_ENTRIES PROVIDED_.
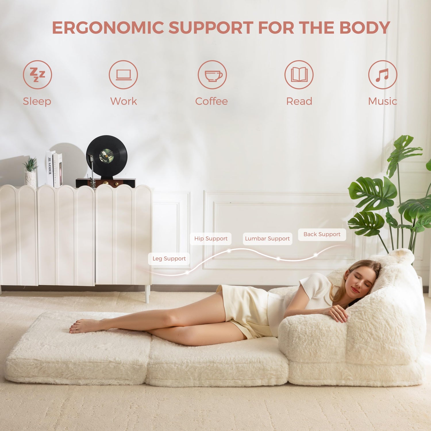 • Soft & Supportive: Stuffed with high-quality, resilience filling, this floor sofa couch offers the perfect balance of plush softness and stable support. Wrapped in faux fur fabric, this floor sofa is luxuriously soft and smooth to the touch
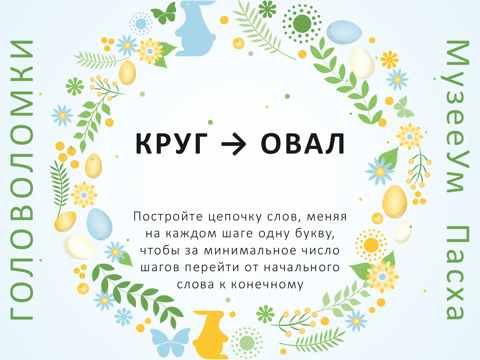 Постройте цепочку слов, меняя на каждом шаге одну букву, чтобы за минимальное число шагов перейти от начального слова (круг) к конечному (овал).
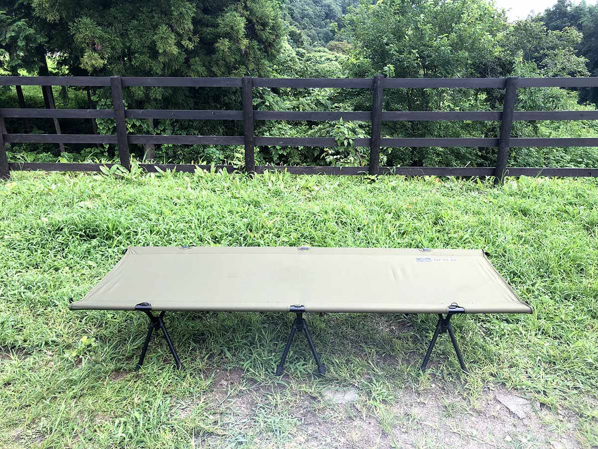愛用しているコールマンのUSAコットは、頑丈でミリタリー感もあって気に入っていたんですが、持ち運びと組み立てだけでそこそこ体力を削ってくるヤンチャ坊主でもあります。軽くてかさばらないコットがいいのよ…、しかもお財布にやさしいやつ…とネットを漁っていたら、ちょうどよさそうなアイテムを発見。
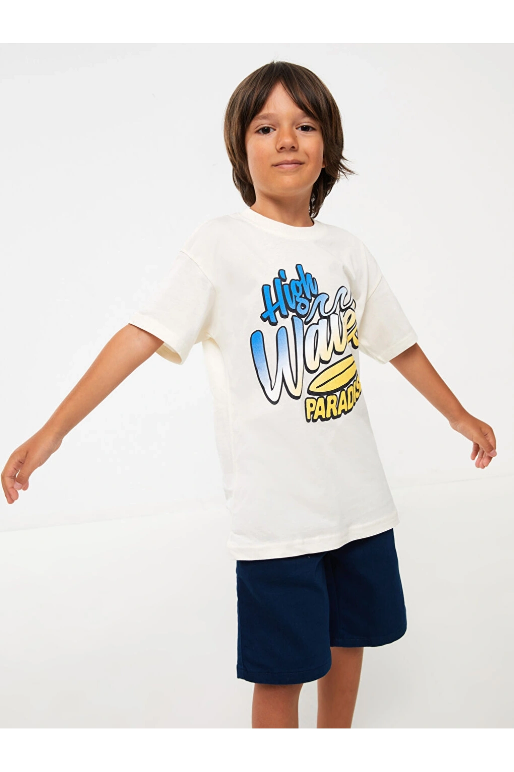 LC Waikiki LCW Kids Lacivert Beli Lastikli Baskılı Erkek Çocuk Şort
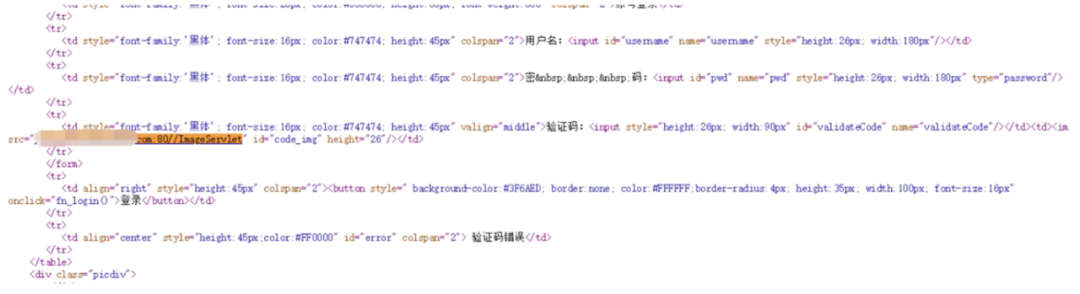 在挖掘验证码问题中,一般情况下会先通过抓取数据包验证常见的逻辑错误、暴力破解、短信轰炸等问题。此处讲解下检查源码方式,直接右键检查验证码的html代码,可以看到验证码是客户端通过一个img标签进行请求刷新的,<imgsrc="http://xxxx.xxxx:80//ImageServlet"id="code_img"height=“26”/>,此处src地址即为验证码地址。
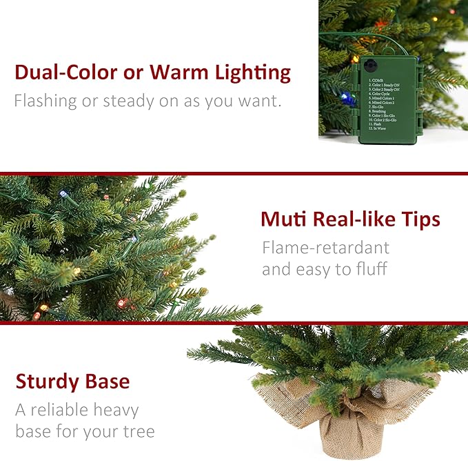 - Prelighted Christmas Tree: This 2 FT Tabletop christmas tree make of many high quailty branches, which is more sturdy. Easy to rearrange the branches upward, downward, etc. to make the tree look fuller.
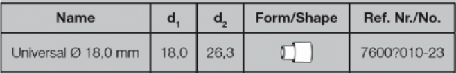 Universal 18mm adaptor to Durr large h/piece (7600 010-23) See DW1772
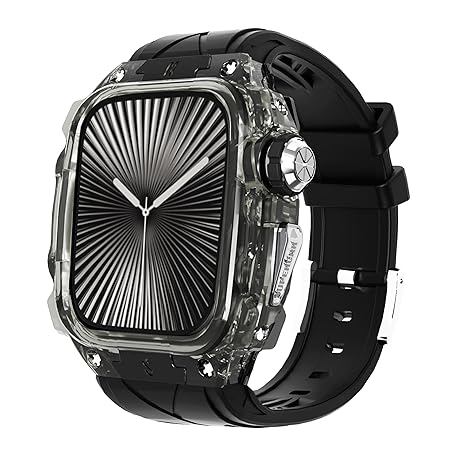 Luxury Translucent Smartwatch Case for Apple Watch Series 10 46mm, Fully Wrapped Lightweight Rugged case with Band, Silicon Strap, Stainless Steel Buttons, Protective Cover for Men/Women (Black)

--

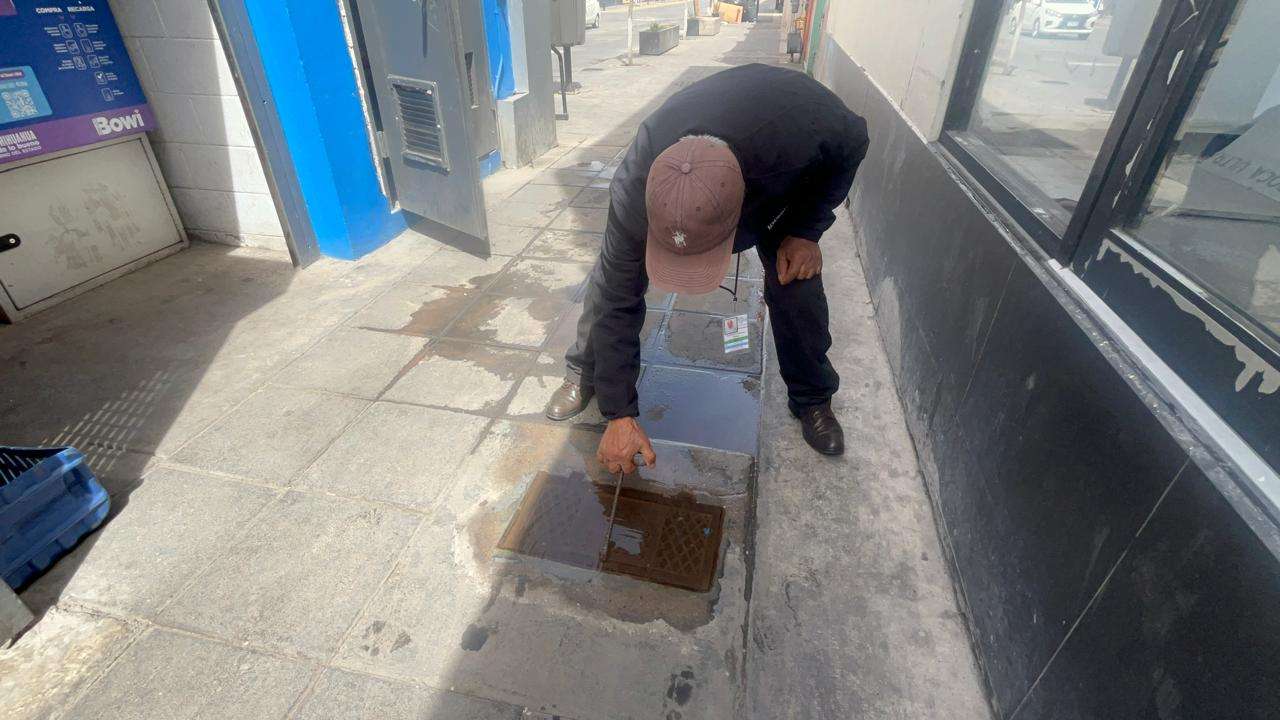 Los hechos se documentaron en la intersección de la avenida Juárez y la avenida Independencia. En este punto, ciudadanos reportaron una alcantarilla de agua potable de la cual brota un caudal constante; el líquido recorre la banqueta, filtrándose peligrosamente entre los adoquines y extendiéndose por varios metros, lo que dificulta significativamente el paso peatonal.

_TO DO_. In the data above, retype only the stretch from the line with "to the touch" through the line with "LC Waikiki LCW", word for word, and skip any pictures.

_TASK OUTPUT_.
 • Soft & Supportive: Stuffed with high-quality, resilience filling, this floor sofa couch offers the perfect balance of plush softness and stable support. Wrapped in faux fur fabric, this floor sofa is luxuriously soft and smooth to the touch
 Постройте цепочку слов, меняя на каждом шаге одну букву, чтобы за минимальное число шагов перейти от начального слова (круг) к конечному (овал).
愛用しているコールマンのUSAコットは、頑丈でミリタリー感もあって気に入っていたんですが、持ち運びと組み立てだけでそこそこ体力を削ってくるヤンチャ坊主でもあります。軽くてかさばらないコットがいいのよ…、しかもお財布にやさしいやつ…とネットを漁っていたら、ちょうどよさそうなアイテムを発見。
 LC Waikiki LCW Kids Lacivert Beli Lastikli Baskılı Erkek Çocuk Şort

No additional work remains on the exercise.